Зеленый луч
Шрифт:
– Степан! Да, его тоже звали Степаном, как же я забыла!
Стук копыт по камешкам горной тропинки, уходящей вверх. Бок обок быстрые лошади. Кустарники, обрамляющие склон, цепляют ее за краешек костюма для верховой езды. Так хочется смеяться и любить весь мир беспричинно и просто…
– Ты теперь вспомнила?!
– Да, любимый, да!
Ее легкое тело летело сквозь пространство, каждой клеточкой ощущая радость и наслаждение жизни. Разум еще помнил ушибы и болячки, но отказывался принимать их во внимание, примеряя ощущения, как новые праздничные одежды.
– Мы не вернемся? – просьба или обещание в его голосе.

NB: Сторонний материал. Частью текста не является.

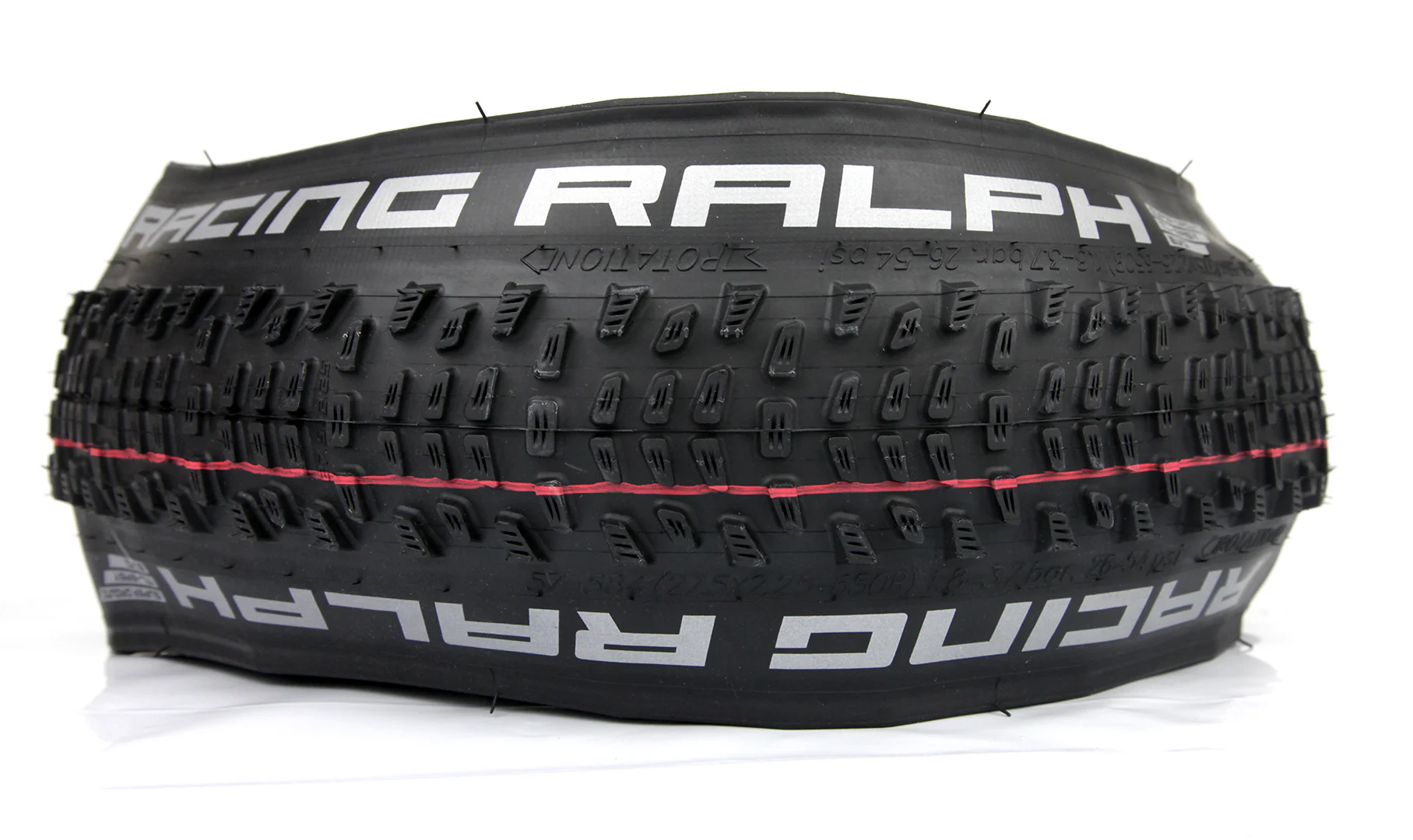 - Racing Ralph Super Ground 29 x 2,25 pulgadas, con ETRTO 57-622, pesa 610 gramos y soporta una carga de 110 kilos. La presión de inflado recomendada está entre 1,80 y 3,70 bar (26 - 54 psi). Para el montaje con cámara, las cámaras de aire compatibles son: 19, 19A, 19AP, 19 + AP, 19F.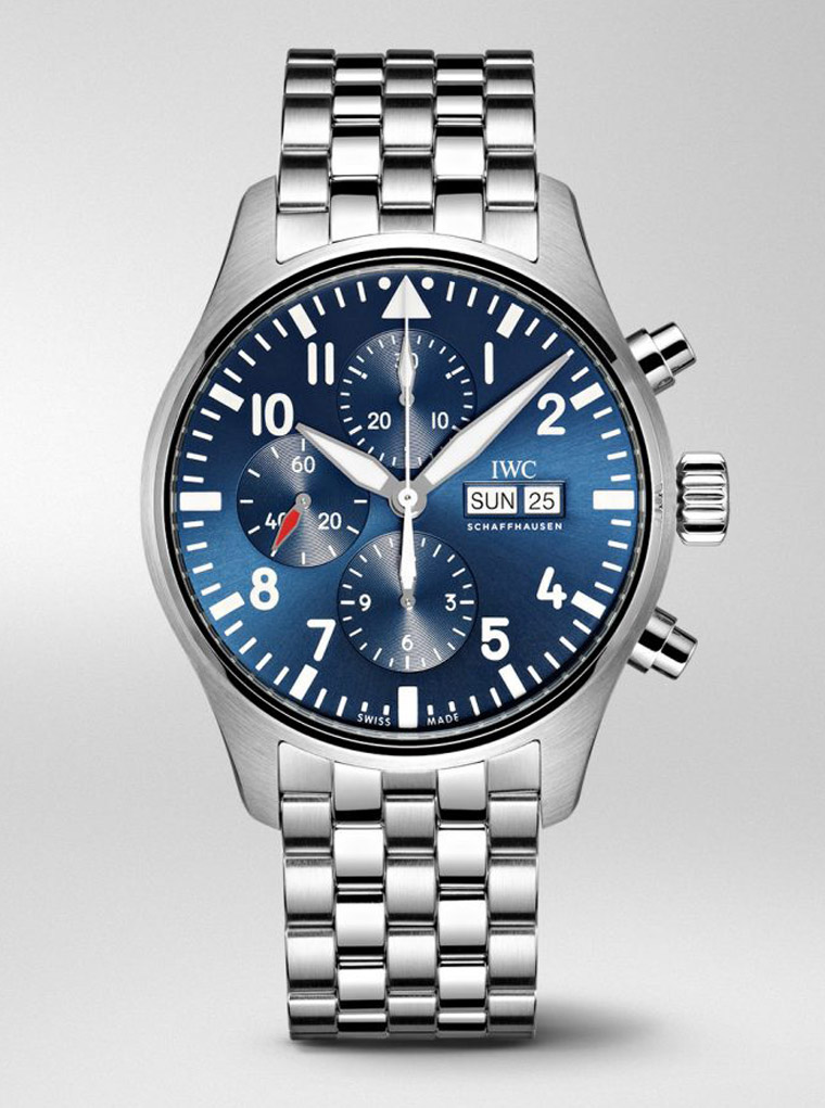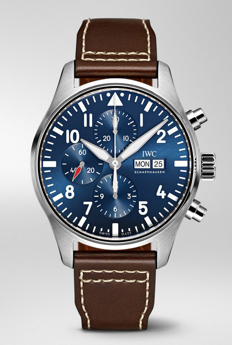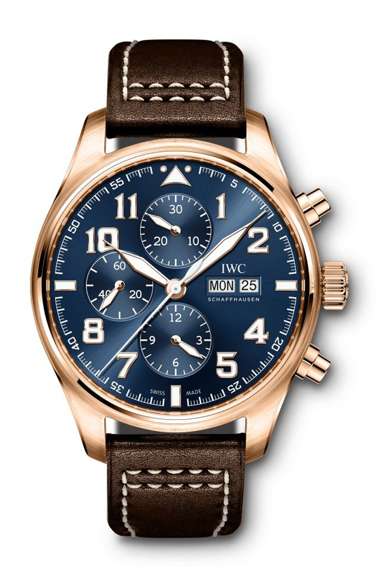 表款拥有功能性腕表的典型品质:精准性、功能性与可靠性。配备坚固耐用的79320计时机芯,腕表可记录长达12小时的分段及累计计时时间。软铁内壳可最佳抵受外来磁场的影响。深蓝色面盘是其特色所在,这款防水深达60米的时计搭载优雅的不锈钢链带或棕色Santoni小牛皮表带。在表底盖鐫刻身穿大衣,携带佩剑的小王子之形象。另外还有一款由18K玫瑰金制成的限量版,蓝色面盘和金质表壳相映成趣。此款典雅经典的飞行员腕表仅限量250只。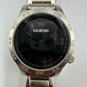 Unlisted Watch Men Silver Tone Black Dial 49MM Large Dial New Battery 8.75"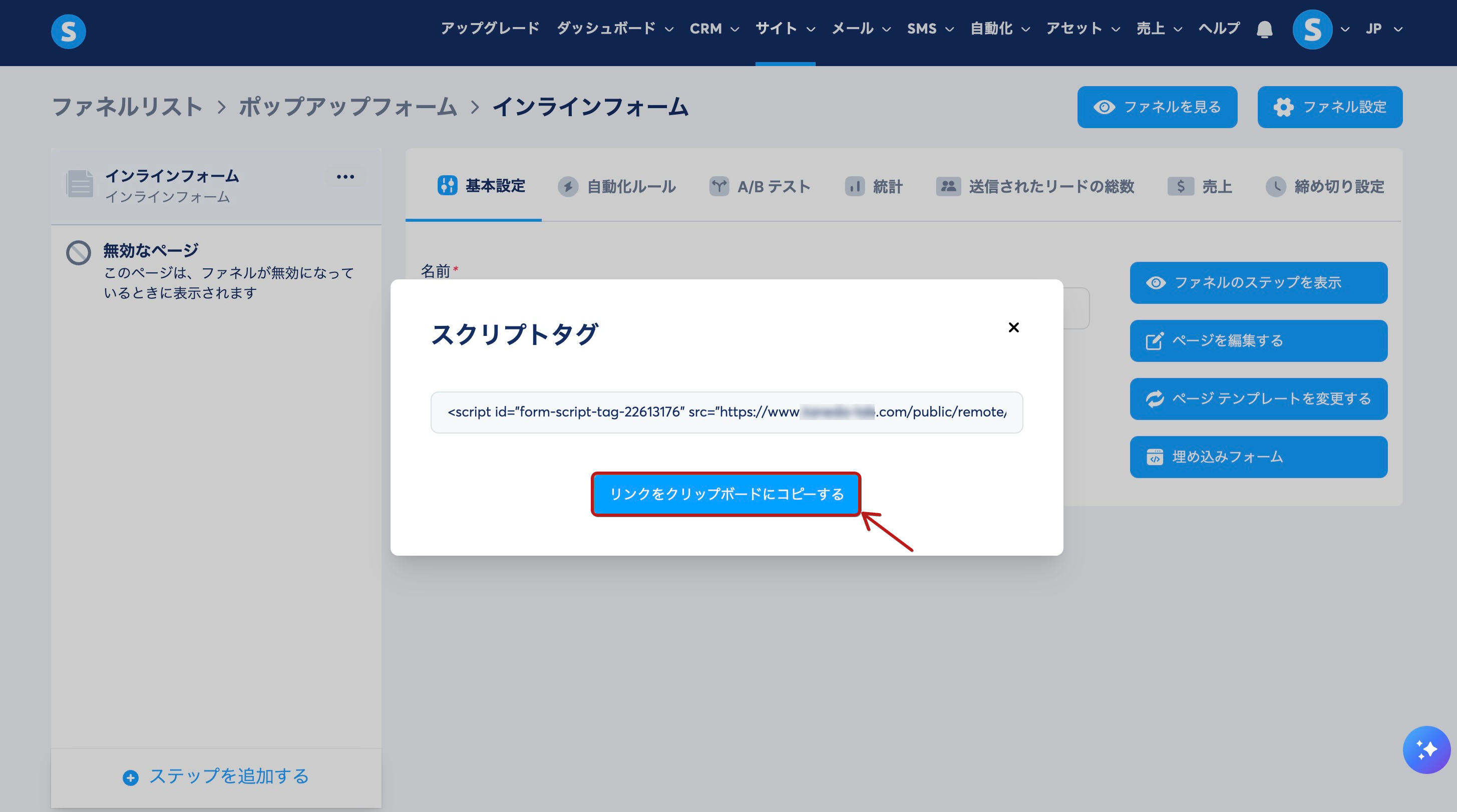 インラインフォームページへのリンクが表示されたポップアップが開きます。リンクをクリップボードにコピーするをクリックします。

– Мы не вернемся! – клятвенный всклик потряс вселенную до самой глубины, в которую уносились двое на белых скакунах Любви.
Странники
На самом подступе к безопасному берегу утренней улицы неосторожно разогнавшаяся машина сбила
По улице неслись рычащие, воющие, исторгающие выхлопные газы автомобили. А спокойные глаза витрин бесстрастно отражали потоки машин и беспорядочное движение пешеходов.
На другой день на этом месте появился траурный венок, прикрученный тонкой проволокой к бетонному столбу. Все чаще и чаще в последнее время подобные скорбные отметины пятнали лицо города, напоминая его жителям о смерти. Это становилось жутковатой традицией.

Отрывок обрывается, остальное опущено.